Hoverbear / old-raft-rs

[Incomplete] A Raft implementation in Rust

https://hoverbear.github.io/raft-rs/raft/

MIT License

266 stars 41 forks source link

Use something else for the log? #4

Closed Hoverbear closed 9 years ago

Hoverbear commented 9 years ago

This by @TyOverby would probably be useful instead of doing JSON -> Base64.

It might be worthwhile to look into the possibility of bincoding a Vec<(u64, T)> and somehow syncing it to disk instead of doing it line by line. One downside of this is that we'd need to keep the entire log in memory, and that sucks!

TyOverby commented 9 years ago

Is there a reason that you want the data to be line-separated? If you treat this file as just a binary blob, you could skip the Base64 step and get good performance and compression (if you want compression).

Hoverbear commented 9 years ago

@TyOverby There is no particular reason! One concern with the approach of a blob is you'd have to store the entire thing in memory to work with it.

TyOverby commented 9 years ago

If the entries that are being stored are constant in size, then you could seek to the entry_size * i byte in the file and then read from there.

If that isn't an option, you could have two files. One with a binary blob, one with a hashmap of EntryNumber to Position, where position is a byte offset into the file.

With either of these, reads and writes will be absurdly fast, as you don't need to scan through the lines, and you just deserialize the entries that you want.

Hoverbear commented 9 years ago

@TyOverby Hmm, I don't think I can make a constant size assumption, I'm trying to keep the library as generic as possible!

The hashmap idea is really clever, I like it!
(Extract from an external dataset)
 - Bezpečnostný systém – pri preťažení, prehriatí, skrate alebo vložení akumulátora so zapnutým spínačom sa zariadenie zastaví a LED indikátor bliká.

I guess you could presumably store the hashmap in memory even since it would be a constant (u64, u64), or at least a good hunk of it. Since most updates to the hashmap would be fairly small, is there a good way to "sync" the file?
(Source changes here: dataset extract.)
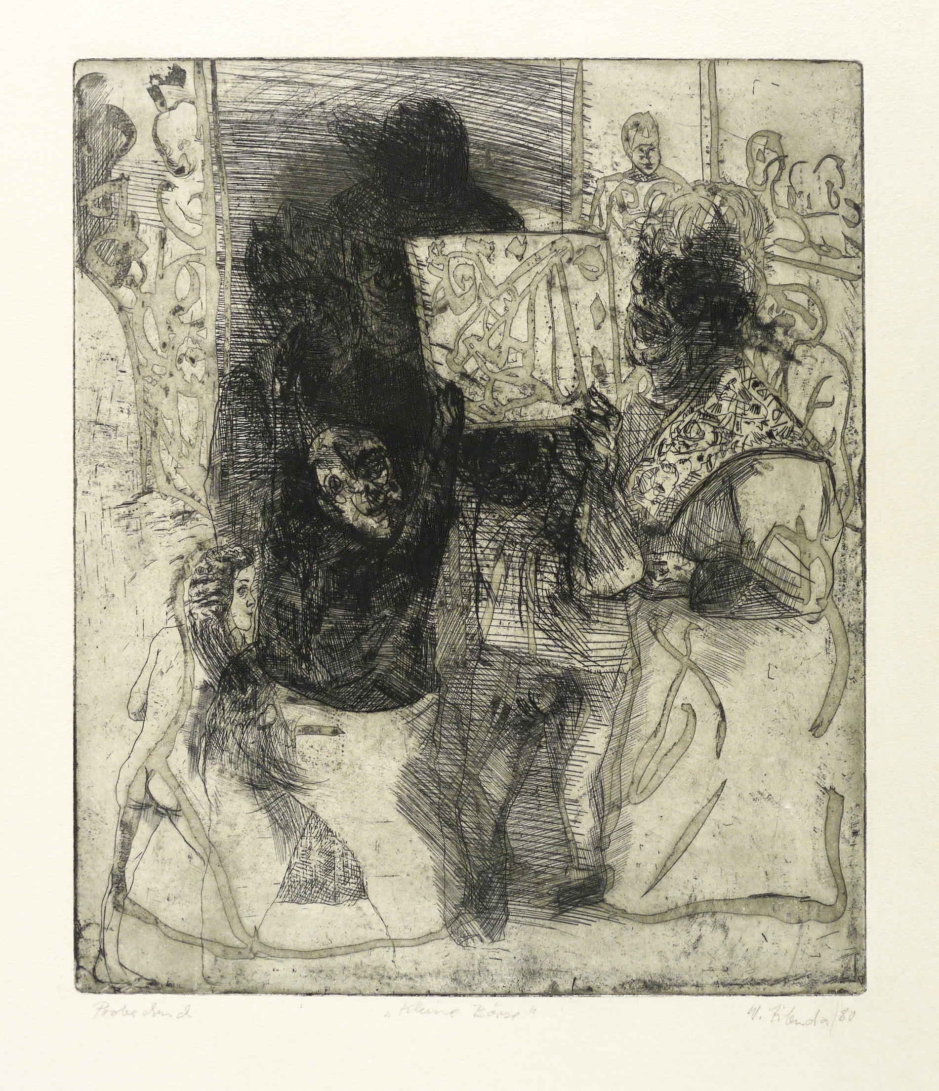 1980. Radierung / Strichätzung & Aquatinta, in Schwarz, auf chamois Velinkarton. – Originale Künstlergrafik, von Walter Libuda. – Probedruck. – 27,3 x 23,1 cm (Darstellung / Platte), 43 x 35 cm (Blatt).

TyOverby commented 9 years ago

Yeah, you would want to leave the "hashmap" in memory. On disk, it would probably be a list of (u64, u64). Because (u64, u64) is constant size, you can use direct-indexing into that if you wanted to do an update, and appending to it would be as easy as appending to the file.

I'm not sure that this is the most elegant way to do things. A database is probably much more suited to the task.
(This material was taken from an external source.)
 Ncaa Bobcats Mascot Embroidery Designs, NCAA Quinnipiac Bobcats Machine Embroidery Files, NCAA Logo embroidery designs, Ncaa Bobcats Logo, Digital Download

zslayton commented 9 years ago

@Hoverbear, have you looked at using a key/value storage engine like LevelDB, LMDB or WiredTiger? I'm unsure of whether those have Rust bindings in crates.io yet, but if they do I think they'd suit your use case. They're all built on more or less the same core API that lets you:

Create / reopen a file
Store a value of (mostly) arbitrary length for a key
Retrieve the value for a given key
Retrieve a collection of values for a given range of keys (a fast operation as things are stored ordered by keys)

In your case, the keys would be line numbers and the values would be the line contents. Everything would be written to a single file per log with no requirement to maintain an in-memory data structure -- you could allow the log to outgrow RAM.

Hoverbear commented 9 years ago

@TyOverby Yes I think that might be the right solution, I just need to pick something simple and embedded since I have fairly limited requirements.

@zslayton Yes this was discussed on Reddit!. It looks like there are LMDB bindings. Thank you!

I think that finding some sort of embedded database that is simple and cheap enough is the way to go.

viperscape commented 9 years ago

redis-rs might be worth a look too.

jakejscott commented 9 years ago

There's also these bindings to LMDB https://github.com/vhbit/lmdb-rs

Hoverbear commented 9 years ago

@danburkert had some awesome ideas here and contributed a patch.